Look through the data below for the line with "徐工氫能電動裝載機,以氫氣作" and the line with "In addition to", then output those two and all lines in between, exactly as written.

#### [The records]
== Segment start ==
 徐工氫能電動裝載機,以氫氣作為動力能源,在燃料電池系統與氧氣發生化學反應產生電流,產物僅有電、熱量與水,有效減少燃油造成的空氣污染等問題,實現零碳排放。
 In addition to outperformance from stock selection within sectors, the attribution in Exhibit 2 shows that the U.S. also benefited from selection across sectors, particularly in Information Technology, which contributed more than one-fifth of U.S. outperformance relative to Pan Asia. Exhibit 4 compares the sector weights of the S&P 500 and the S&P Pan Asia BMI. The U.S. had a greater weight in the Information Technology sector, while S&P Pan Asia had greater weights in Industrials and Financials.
== Segment end ==
== Segment start ==
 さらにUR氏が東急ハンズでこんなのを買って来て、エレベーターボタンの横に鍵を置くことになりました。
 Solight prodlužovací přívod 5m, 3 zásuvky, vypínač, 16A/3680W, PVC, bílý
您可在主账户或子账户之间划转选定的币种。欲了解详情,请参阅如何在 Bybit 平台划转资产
== Segment end ==
== Segment start ==
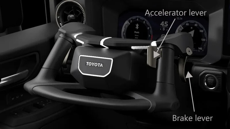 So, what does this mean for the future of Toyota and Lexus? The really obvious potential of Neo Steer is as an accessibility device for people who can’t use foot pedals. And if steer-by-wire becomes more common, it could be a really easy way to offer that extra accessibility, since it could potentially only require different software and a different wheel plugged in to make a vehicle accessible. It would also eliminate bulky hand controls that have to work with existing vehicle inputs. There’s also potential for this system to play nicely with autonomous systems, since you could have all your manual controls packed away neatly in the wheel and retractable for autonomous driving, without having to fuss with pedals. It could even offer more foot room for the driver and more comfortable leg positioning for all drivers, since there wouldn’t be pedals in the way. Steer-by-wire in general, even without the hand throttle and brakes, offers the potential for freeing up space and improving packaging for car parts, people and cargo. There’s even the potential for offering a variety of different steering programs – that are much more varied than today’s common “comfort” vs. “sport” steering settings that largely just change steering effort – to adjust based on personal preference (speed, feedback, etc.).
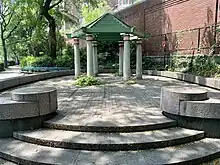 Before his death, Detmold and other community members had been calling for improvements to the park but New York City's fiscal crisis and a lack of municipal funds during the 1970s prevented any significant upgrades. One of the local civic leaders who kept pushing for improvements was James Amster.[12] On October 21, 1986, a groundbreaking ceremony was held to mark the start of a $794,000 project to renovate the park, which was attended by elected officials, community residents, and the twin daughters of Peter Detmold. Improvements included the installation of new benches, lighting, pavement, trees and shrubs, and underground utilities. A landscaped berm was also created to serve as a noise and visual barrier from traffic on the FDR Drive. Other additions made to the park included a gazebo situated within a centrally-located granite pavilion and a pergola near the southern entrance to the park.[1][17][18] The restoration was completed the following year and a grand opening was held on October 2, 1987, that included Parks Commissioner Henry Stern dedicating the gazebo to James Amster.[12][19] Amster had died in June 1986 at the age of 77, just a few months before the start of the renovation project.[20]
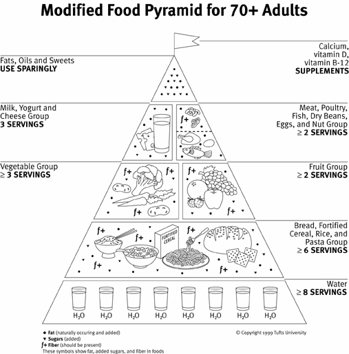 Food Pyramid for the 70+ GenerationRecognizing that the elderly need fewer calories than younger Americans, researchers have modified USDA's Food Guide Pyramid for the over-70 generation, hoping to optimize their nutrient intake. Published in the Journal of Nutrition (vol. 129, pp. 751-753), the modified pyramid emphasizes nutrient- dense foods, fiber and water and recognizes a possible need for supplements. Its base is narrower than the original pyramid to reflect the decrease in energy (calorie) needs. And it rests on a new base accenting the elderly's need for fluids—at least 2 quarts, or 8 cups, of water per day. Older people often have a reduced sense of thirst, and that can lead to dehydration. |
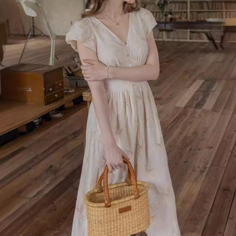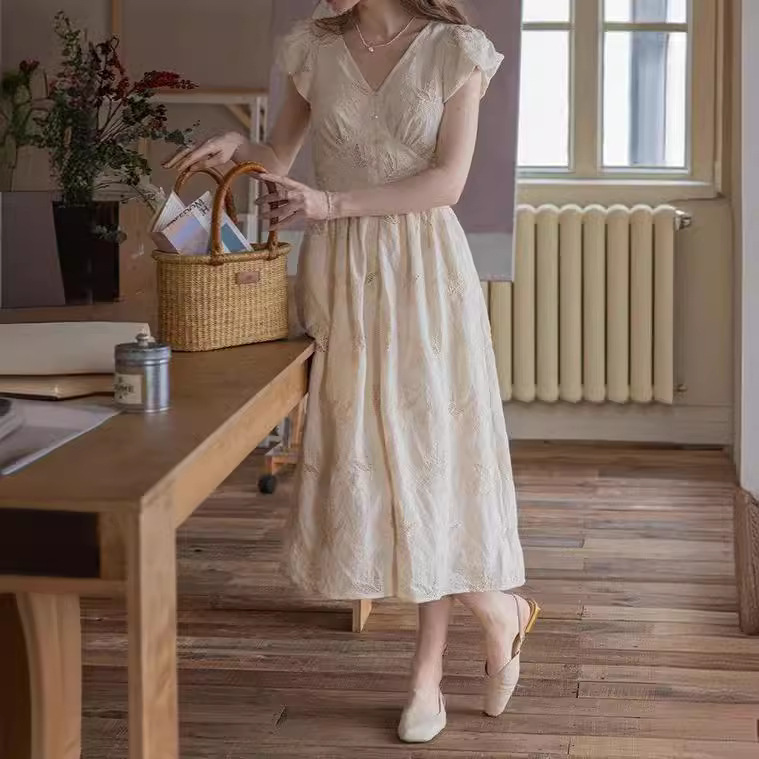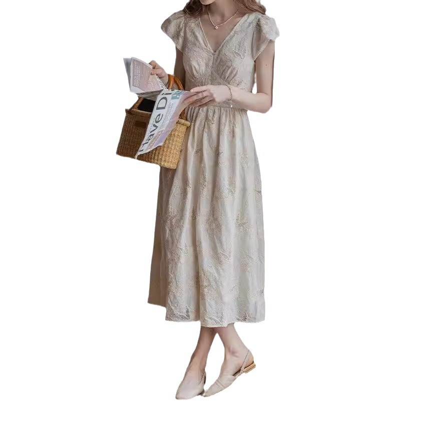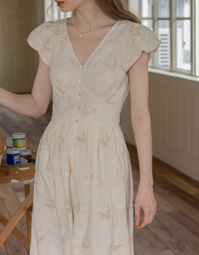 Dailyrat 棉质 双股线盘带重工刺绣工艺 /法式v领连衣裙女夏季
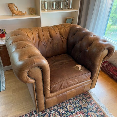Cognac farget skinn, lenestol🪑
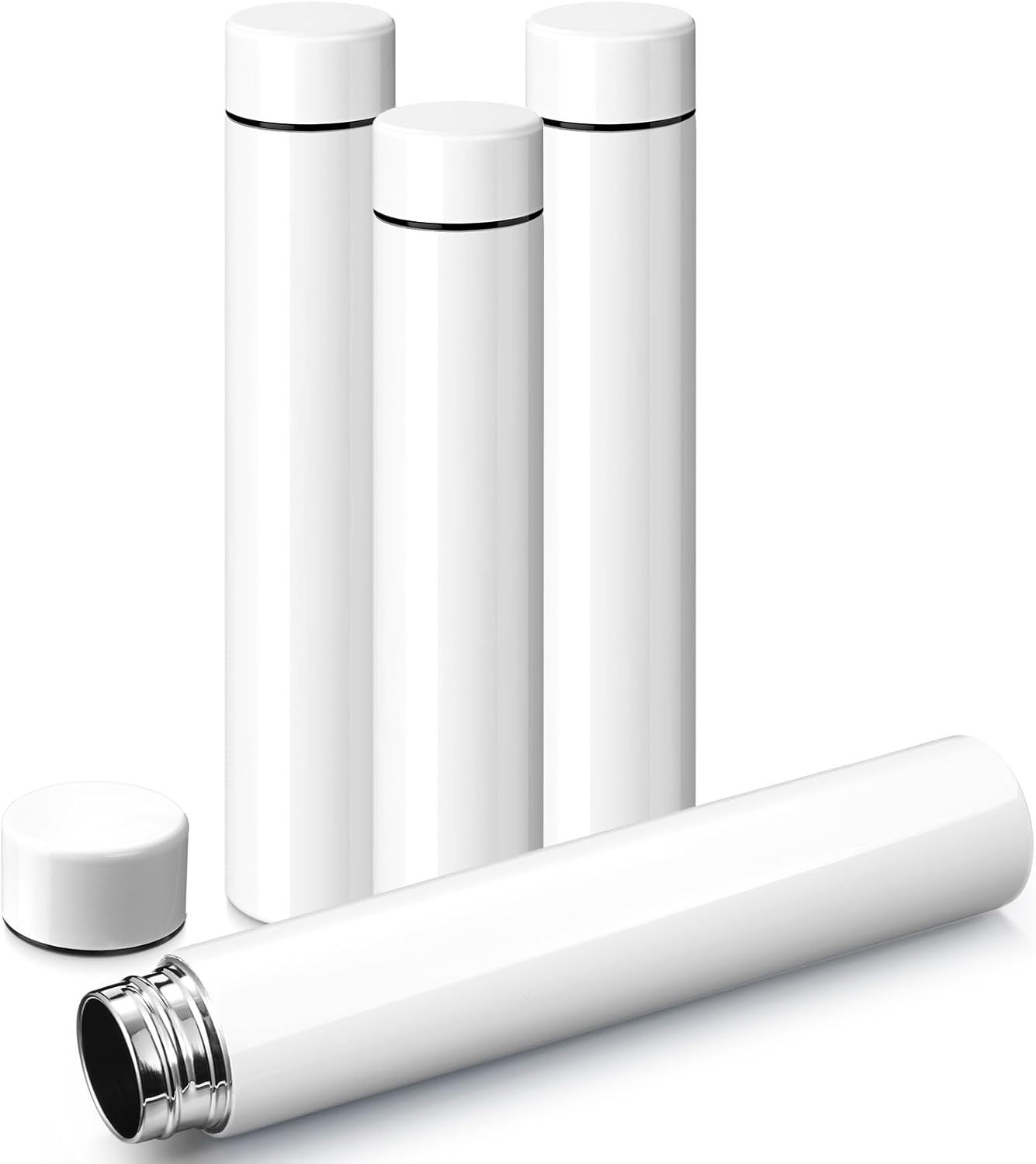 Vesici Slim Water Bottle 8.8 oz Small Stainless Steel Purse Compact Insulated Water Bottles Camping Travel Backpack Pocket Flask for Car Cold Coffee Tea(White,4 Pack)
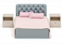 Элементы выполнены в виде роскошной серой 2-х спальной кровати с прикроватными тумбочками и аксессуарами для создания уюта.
== Segment end ==
#### [Output of the task]
 徐工氫能電動裝載機,以氫氣作為動力能源,在燃料電池系統與氧氣發生化學反應產生電流,產物僅有電、熱量與水,有效減少燃油造成的空氣污染等問題,實現零碳排放。
 In addition to outperformance from stock selection within sectors, the attribution in Exhibit 2 shows that the U.S. also benefited from selection across sectors, particularly in Information Technology, which contributed more than one-fifth of U.S. outperformance relative to Pan Asia. Exhibit 4 compares the sector weights of the S&P 500 and the S&P Pan Asia BMI. The U.S. had a greater weight in the Information Technology sector, while S&P Pan Asia had greater weights in Industrials and Financials.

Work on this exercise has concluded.